I don't have any pictures of this posted yet, but here are some pictures of the "little" system in the bedroom (Meridian 504/568, another DVL-91E, VCR, DSP5000s, DSP5000C, and DSP33s, displaying on a 50" Sharp plasma panel:


























If you click here you can browse our CD collection (sorry, you can't play/download them).


----------



## Artslinger (Sep 2, 2002)

Wow awesome system Mr. Kennedy... can I come over to your house and watch some movies?


----------



## Artslinger (Sep 2, 2002)

Did you have someone set up your digital music library or did you do this yourself? I've been thinking of doing this, I have way to many CDs to keep track of, and would like to create compilation mixes. What music database software do you use?


----------



## Terry Kennedy (Sep 21, 2002)

Artslinger said:


> *Did you have someone set up your digital music library or did you do this yourself? I've been thinking of doing this, I have way to many CDs to keep track of, and would like to create compilation mixes. What music database software do you use? *


I did it myself. There's a brief description of what is involved here. The database is a homebrew app in Perl on a Unix system.


----------



## jgrgnt (Apr 27, 2002)

If you're partial to aftermarket sound upgrades, skip the H/K; you're much better off putting your money into a decent 3rd party system, even if it involves replacing only the speakers and amp. Plus, even a modest budget of $1000 will net you a respectable boost in sonic quality.

I was not impressed with the H/K, but I consider myself picky when it comes to audio.

Michael


----------



## Artslinger (Sep 2, 2002)

Terry Kennedy said:


> *I did it myself. There's a brief description of what is involved here. The database is a homebrew app in Perl on a Unix system. *


Very impressive.


----------



## Terry Kennedy (Sep 21, 2002)

Artslinger said:


> *Very impressive. *


I just updated the page (click here) to include some pictures of the hardware. You might want to take a look at it again.


----------



## dlloyd1975 (Sep 8, 2002)

Terry Kennedy said:


> *I just updated the page (click here) to include some pictures of the hardware. You might want to take a look at it again. *


Aw, man. I don't see anything with the magical spinning cube logo on it. How about one of these to go in the rack? 
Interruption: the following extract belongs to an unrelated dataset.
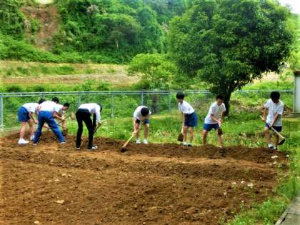 2年生の技術です。作物の栽培に先立って、手分けして畝(うね)を作りました。

Nice setup. Wiring my 90+year old house with Cat 5 was awfully fun, or, at least, an excercise in creativity and patience. Did you build your house new with the wiring or is that ex post facto? If I ever build a new house, I'm putting 3" conduit in the walls.


----------



## Terry Kennedy (Sep 21, 2002)

dlloyd1975 said:


> *Aw, man. I don't see anything with the magical spinning cube logo on it. How about one of these to go in the rack? *


I like BSD/OS on PC-type hardware for historical reasons - before BSD/OS was bought by WindRiver I used to write device drivers and similar stuff for them, and I still have a source license. I enjoy puttering with it, though I don't do drivers/support for it commercially any more. All of my media creation stuff is done on Windows. If I were doing it on Unix, I'd most likely have an SGI, though.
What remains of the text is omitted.